To what extent can one gene (or a handful of them) affect a phylogeny? This paper suggest that even in very large data matrices the resolution of some branches can rely on tiny subsets of data. They show this to be the case in several contentious nodes of plant, animal and fungi data matrices and suggest a framework for quantifying the phylogenetic signal in such difficult cases.
They also think that humans are more closely related to sponges than ctenophores, which is cool.
Darwin, 9th of May, 10.00. Blueberry pie to compensate the phylogeny topic.
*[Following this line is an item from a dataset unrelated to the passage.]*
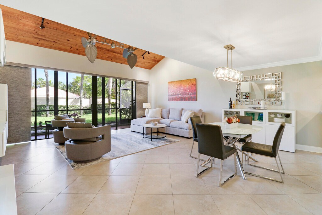 Experience the ultimate in luxury in this exquisitely designed furnished home. This residence boasts sophisticated furnishings and decor,creating an elegant living experience in the sought-after PGA National community. Enter through the private patio to discover a beautifully crafted 2-bedroom,2-bathroom layout spanning 1,491 square feet. Every detail has been thoughtfully considered,with upgraded lighting fixtures that illuminate and enhance the space's charm. The kitchen is equipped with sleek stainless steel appliances,and the open floor plan seamlessly extends to a screened lanai,offering a tranquil outdoor retreat. A 1-car garage provides both security and convenience,ensuring your vehicle is well-protected. The ground level bedroom is currently offered as a home office with a queen sized sofa bed. MLS ID B26000035
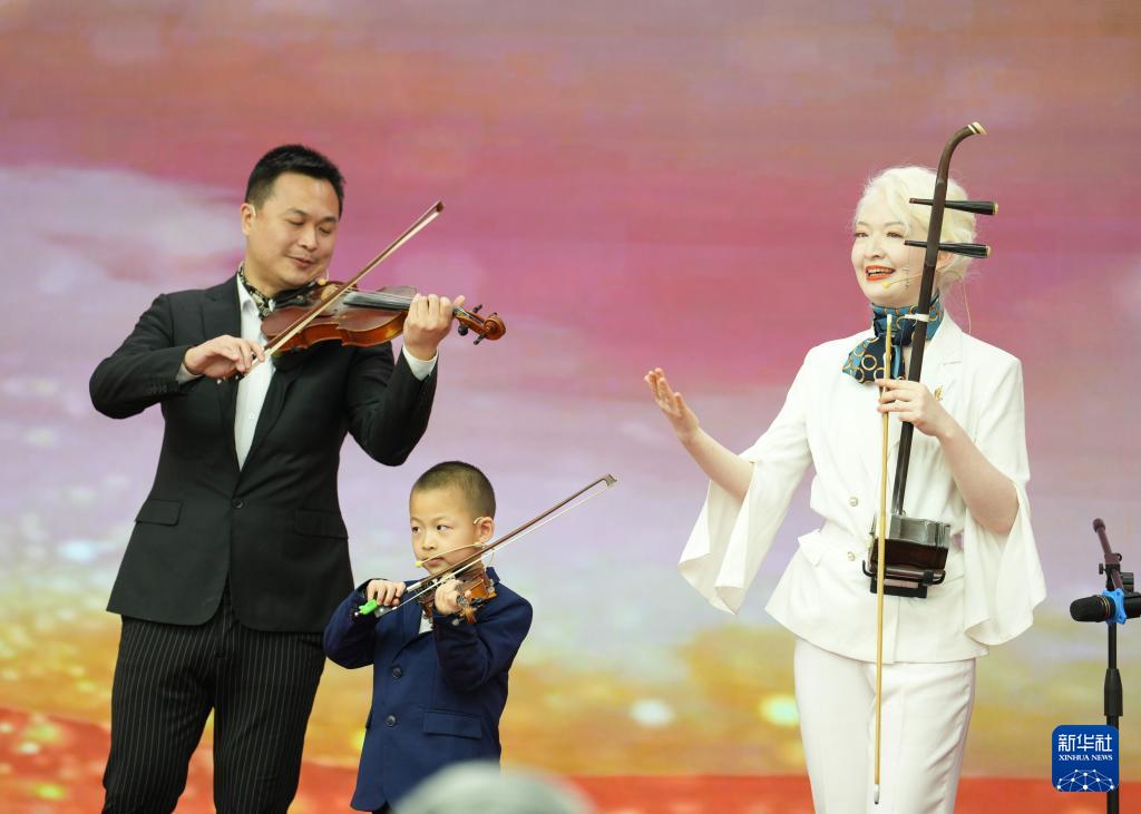 1月29日,中国残疾人艺术团演员俞彧(右)一家在中国残联2026年迎新春中外交流活动上表演。

Phylogenomic studies have resolved countless branches of the tree of life, but remain strongly contradictory on certain, contentious relationships. Here, we use a maximum likelihood framework to quantify the distribution of phylogenetic signal among genes and sites for 17 contentious branches and 6 well-established control branches in plant, animal and fungal phylogenomic data matrices. We find that resolution in some of these 17 branches rests on a single gene or a few sites, and that removal of a single gene in concatenation analyses or a single site from every gene in coalescence-based analyses diminishes support and can alter the inferred topology. These results suggest that tiny subsets of very large data matrices drive the resolution of specific internodes, providing a dissection of the distribution of support and observed incongruence in phylogenomic analyses. We submit that quantifying the distribution of phylogenetic signal in phylogenomic data is essential for evaluating whether branches, especially contentious ones, are truly resolved. Finally, we offer one detailed example of such an evaluation for the controversy regarding the earliest-branching metazoan phylum, for which examination of the distributions of gene-wise and site-wise phylogenetic signal across eight data matrices consistently supports ctenophores as the sister group to all other metazoans.